5 small language models for calling agent tick tools

# introduction

Agentic AI systems rely on the model’s ability to reliably call tools, select the appropriate functions, format arguments correctly, and integrate results into multi-step workflows. Large-scale frontier models such as ChatGPT, Claude, and Gemini handle this well, but they involve trade-offs in cost, latency, and hardware requirements that make them impractical for many real-world deployments. Small language models have done a good job of filling that gap, and several compact, open-weight options now offer first-class tool invocation support without having to run in the data center.

Here, in no particular order, I present five small language models for agent tool invocation. Please note that for convenience and consistency, all model links point to models hosted on Hugging Face.

# 1.SmolLM3-3B

Technical aspects	detail
parameters	3B
architecture	Decoder dedicated transformer (GQA + NoPE, 3:1 ratio)
context length	64K native. Up to 128K with YaRN extrapolation
training token	11.2T
Multilingual support	6 languages (English, French, Spanish, German, Italian, PT)
Reasoning mode	Dual mode (switching between thinking/not thinking)
tool call	Yes: JSON/XML (`xml_tools`) and Python (`python_tools`)
license	Apache 2.0

SmolLM3 is a 3B parameter language model designed to push the boundaries of small-scale models, supporting dual-mode inference, six languages, and long contexts. It is a decoder-only transformer that uses Grouped Query Attention (GQA) and No Positional Embedding (NoPE) (3:1 ratio), pre-trained on 11.2T tokens using a step-by-step curriculum of web, code, math, and inference data. Post-training training included an intermediate phase of training on 140 billion inference tokens, followed by supervised fine-tuning and tuning with Anchored Preference Optimization (APO), HuggingFace’s off-policy approach to preference adjustment. This model supports two different tool invocation interfaces: JSON/XML BLOB. xml_tools and Python-style function calls python_toolsThis makes it extremely flexible for agent pipelines and RAG systems. A fully open release including weights, datasets, and training code, SmolLM3 is ideal for chatbots, RAG systems, and code assistants on constrained hardware such as edge devices and low-VRAM machines.

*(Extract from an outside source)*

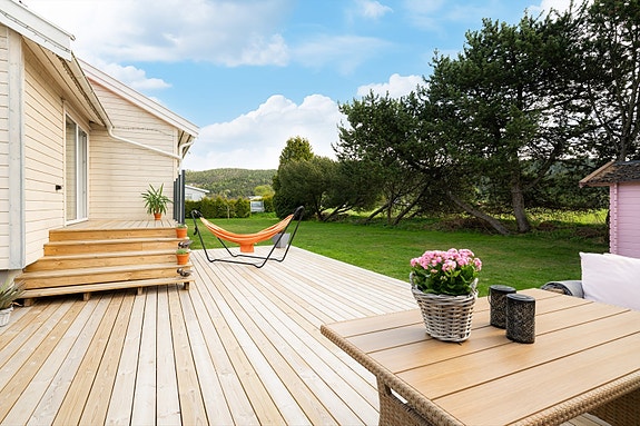 Boligen ligger fint til, i ytterste rekke mot tilliggende jorder, med pent opparbeidet hage og stor, usjenert terrasse.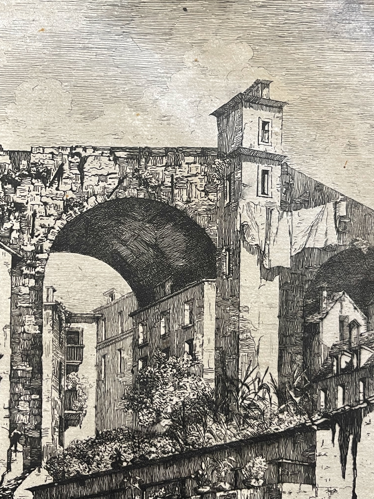 Gênes Italie pointe sèche 1878 Gabrielle Niel (1831-1919) Italia

# 2. Quen 3-4B-Instruction-2507

Technical aspects	detail
parameters	4.0B (3.6B non-embedded)
architecture	Causal LM, 36 layers, GQA (32 Q head / 8 KV head)
context length	262,144 tokens (native)
Reasoning mode	Non-thinking only (no block)
Multilingual support	100+ languages
tool call	Yes: Native, via Qwen-Agent / MCP
license	Apache 2.0

Quen 3-4B-Instruction-2507 Qwen3-4B is an updated version of the non-thinking mode with significant improvements in common functions such as following instructions, logical reasoning, text comprehension, math, science, coding, and tool usage. It also provides significant improvements in long-tail knowledge coverage across multiple languages. Both the Instruct and Thinking variants share a total of 4 billion parameters (3.6B excluding padding) built across 36 transformer layers and use GQA with 32 query heads and 8 key/value heads to enable efficient memory management of very long contexts. This particular no-thinking variant is optimized for direct, fast response use cases, such as providing concise answers without explicit chain-of-thought tracing, and is ideal for chatbots, customer support, and tool-invoking agents where low latency is important. Qwen3 has excellent tool invocation capabilities and Alibaba recommends using the Qwen-Agent framework. This framework encapsulates tool call templates and parsers internally, reduces coding complexity, and supports MCP server configuration files.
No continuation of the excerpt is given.